Bloquear Youtube e Facebook via Mikrotik com domínio

[willianribeiro]

Boa tarde,

estou tentando bloquear esses dois sites aqui na empresa, mas nas regras que são as mais adequadas (pelo que pesquisei aqui) preciso usar um DNS no Mikrotik, porém como uso domínio preciso usar nas estações no DNS o IP da máquina do domínio.

Estou tentando essa dica do usuário @alexrock :

"Outra forma que existe é, usando o DNS da RB, criar uma entrada estática com www.youtube.com para o IP 127.0.0.1.
Para isso funcionar você precisa utilizar o DNS da RB como o seu DNS da rede e redirecionar o acesso a qualquer DNS externo para o da RB."

Com essas regras que o @berghetti passou em outro tópico, para forçar os clientes a usar o DNS do Mikrotik:


/ip firewall nat add chain=dstnat action=dst-nat to-addresses=192.168.88.1 to-ports=53 protocol=tcp dst-port=53 add chain=dstnat action=dst-nat to-addresses=192.168.88.1 to-ports=53 protocol=udp dst-port=53

[inquiery]

Se você tem um domínio na empresa, cria um certificado interno raiz (CA) e instala nos computadores, da pra criar scripts pra executar no logon que instala esse certificado automaticamente na estação. Assim, você pode colocar um Proxy na rede para HTTPS sem se incomodar com notificações de segurança, e pode bloquear conteúdo pela URL, como se fosse HTTP.

Para bloquear o facebook tem que dar uma trabalhadinha a mais visto que o facebook usa CDN da akamai por exemplo, e então muitos conteúdos vem de endereços que não tem nada de facebook.com, alguns endereços em fbcdn.com, enfim, é só ir bloqueando conforme vai identificando. Eu nunca bloqueei nada então nunca fui a fundo nisso, mas eu acho que em um dominio seria mais facil e mais gerenciável fazer assim.

[berghetti]

E se nessa máquina de domínio vc usar o DNS do mk, não daria?

[andrecarlim]

Se usa domínio do Windows com DNS/Active Directory faz as as entradas do tipo A no próprio DNS do Windows!

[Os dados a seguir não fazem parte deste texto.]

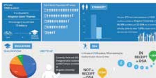
Figure 4: Additional infographics about Kingston University's commuter student population in one postcode area

Further data analysis would be useful both across the sector and within institutions to understand the intersectionality of 'being a commuter student' with other characteristics, such as (as illustrated in the Kingston infographics above and below), in particular: socio-economic status, ethnicity, age, gender, disability, entry qualifications and tariff points, subject studied, institution attended, (this list is informed by the analysis by Artess et al 2014 and HEFCE 2009, cited above).

Não tem segredo não, já fiz muito isso.

A regra de NAT que você citou serve apenas para aplicar no teu gateway, evitando que algum espertinho troque o DNS para algum público, só isso.

Enviado via XT1563 usando UnderLinux App

[Fcnetwork]

ja testou usando Layer 7 ?
Achei no google:


e mais detalhes:
http://wiki.mikrotik.com/wiki/Manual:IP/Firewall/L7


No forum tem topicos

Boa tarde,

estou tentando bloquear esses dois sites aqui na empresa, mas nas regras que são as mais adequadas (pelo que pesquisei aqui) preciso usar um DNS no Mikrotik, porém como uso domínio preciso usar nas estações no DNS o IP da máquina do domínio.

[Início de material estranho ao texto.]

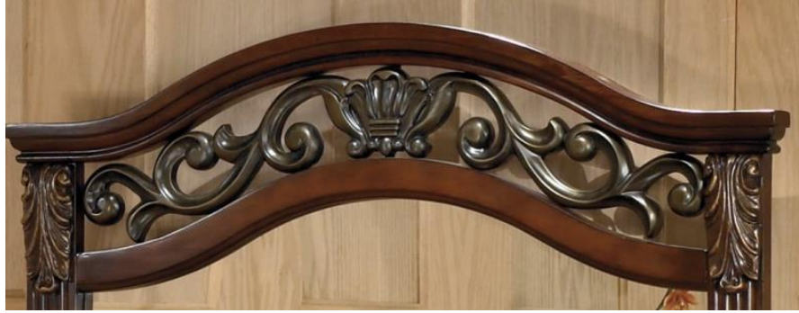
Ashley B526 mirror

24. A visual comparison of the ornamental woodwork and metalwork on Ashley's Leahlyn B526 mirror and Defendant's B426 mirror, showing Defendant's slavish copying of the Ashley Works, is shown below.
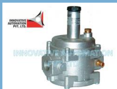
Gas Pressure Regulators and Filter Regulators for Small User

Estou tentando essa dica do usuário @alexrock :

"Outra forma que existe é, usando o DNS da RB, criar uma entrada estática com www.youtube.com para o IP 127.0.0.1.
Para isso funcionar você precisa utilizar o DNS da RB como o seu DNS da rede e redirecionar o acesso a qualquer DNS externo para o da RB."

Com essas regras que o @berghetti passou em outro tópico, para forçar os clientes a usar o DNS do Mikrotik:


/ip firewall nat add chain=dstnat action=dst-nat to-addresses=192.168.88.1 to-ports=53 protocol=tcp dst-port=53 add chain=dstnat action=dst-nat to-addresses=192.168.88.1 to-ports=53 protocol=udp dst-port=53

[magnorm]

Aqui no serviço coloco o dns do ad nas maquinas e o ad coloco o dns do mikrotik. Ai fica facinho gerenciar os bloqueios e redirecionar serviços que estao instalados nos servidores internos

Enviado via LG-V490 usando UnderLinux App

[willianribeiro]

Bom dia, obrigado a todos que me ajudaram. Fiz a configuração conforme o @andrecarlim postou, fiz as entradas do tipo A e para os acessos wifi configurei o DNS do AD direto no roteador.

Pro facebook deu mais trabalho pois são várias URLs (como antecipou o @inquiery ), tive que fazer várias entradas mas no final parece que deu certo também.

Mais uma vez obrigado a quem se dispôs a ajudar.

[willianribeiro]

Se usa domínio do Windows com DNS/Active Directory faz as as entradas do tipo A no próprio DNS do Windows! Não tem segredo não, já fiz muito isso.

A regra de NAT que você citou serve apenas para aplicar no teu gateway, evitando que algum espertinho troque o DNS para algum público, só isso.

Enviado via XT1563 usando UnderLinux App

Uma dúvida, como você faz quando precisa liberar o acesso para alguma máquina?